Smart Gloves That Can Translate Sign Language to Writing and Speech

Alasdair Allan
2 min readJul 17, 2017

Much like Linux on the desktop, it’s always next year that’s going to be the year wearables take off. My own view is that wearables aren’t going to take off ‘til they’re, well, wearable. The current collection of smartwatches, and fitness trackers, aren’t wearables. They’re just things that people wear, which isn’t the same thing at all.

So I’m always interested to see wearables that people actually wear, and do more than just act as a second screen, or collect data. Which is why I was intrigued to see a team at the University of California San Diego had built a smart glove that can translate American Sign Language alphabet into text.

“The Language of Glove” is a smart glove that wirelessly translates the American Sign Language (ASL) alphabet into text and controls a virtual hand to mimic ASL gestures. (📷: Timothy O’Connor/UC San Diego Jacobs School of Engineering)

The glove, which the team calls “The Language of Glove,” was built for less than $100 using stretchable and printable electronics.

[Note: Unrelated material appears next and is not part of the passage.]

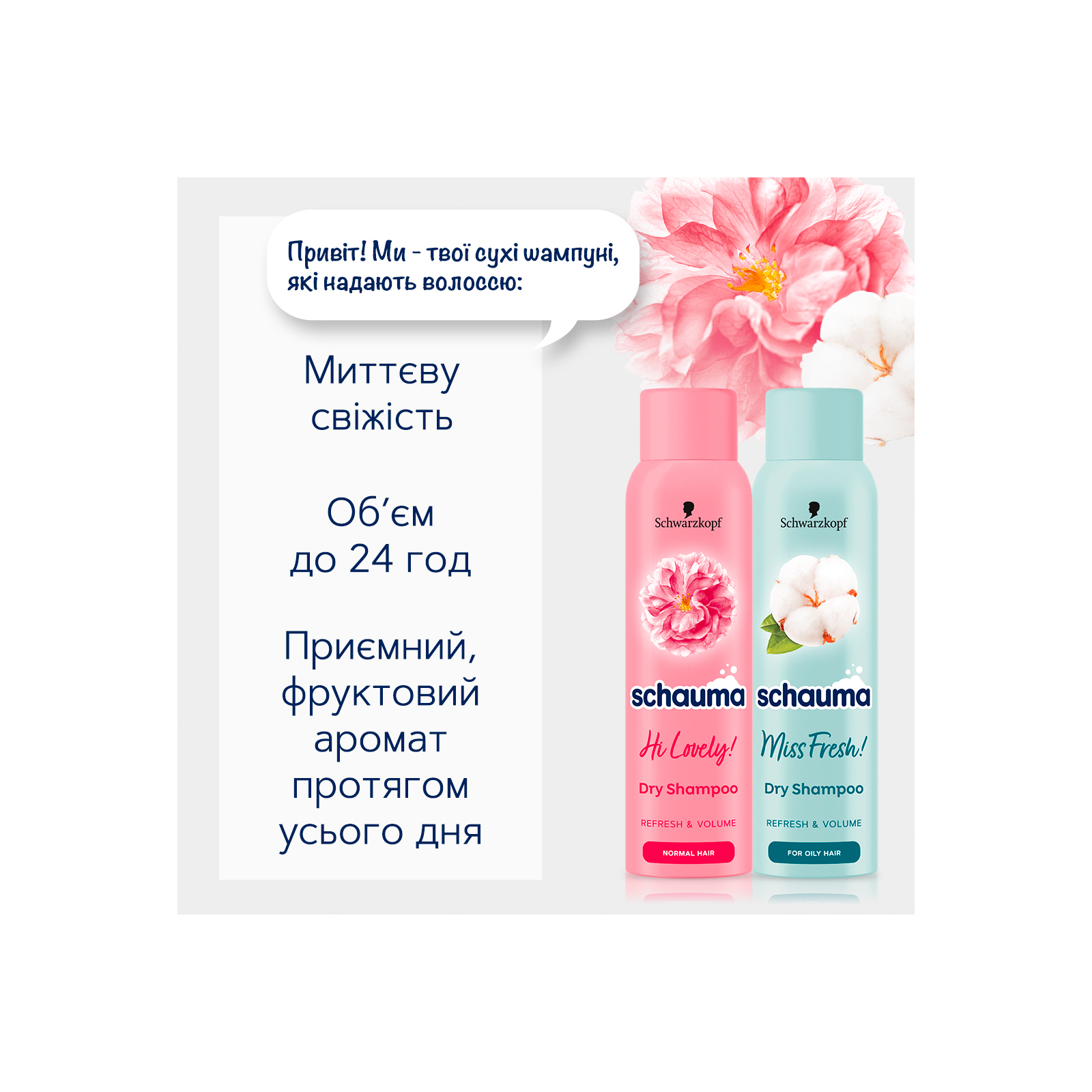 Сухий шампунь Schauma Miss Fresh! надає миттєвої свіжості та прекрасного аромату волосся протягом усього дня і до 24 годин об'єму, не залишаючи видимих слідів після розчісування.

But it turns out the glove is not the first, and possibly not even the best, attempt to create a glove that transliterates sign language. Last year Thomas Pryor and Navid Azodi, undergraduates at the University of Washington, put together smart gloves—built around an Arduino and several accelerometers—to translate sign language directly into speech rather than text.

Thomas Pryor and Navid Azodi of the University of Washington are the Lemelson-MIT undergraduate prize winners in 2016 for “SignAloud,” a glove that transliterate sign language into text and speech. (📹: Lemelson MIT)

Together the two undergraduates won last year’s Lemelson-MIT Student Prize for their project, competing in the “Use It” undergraduate category that recognizes technology-based inventions designed to improve consumer devices.

The “SignAloud” gloves developed by University of Washington students to translate ASL into speech. (📷: University of Washington)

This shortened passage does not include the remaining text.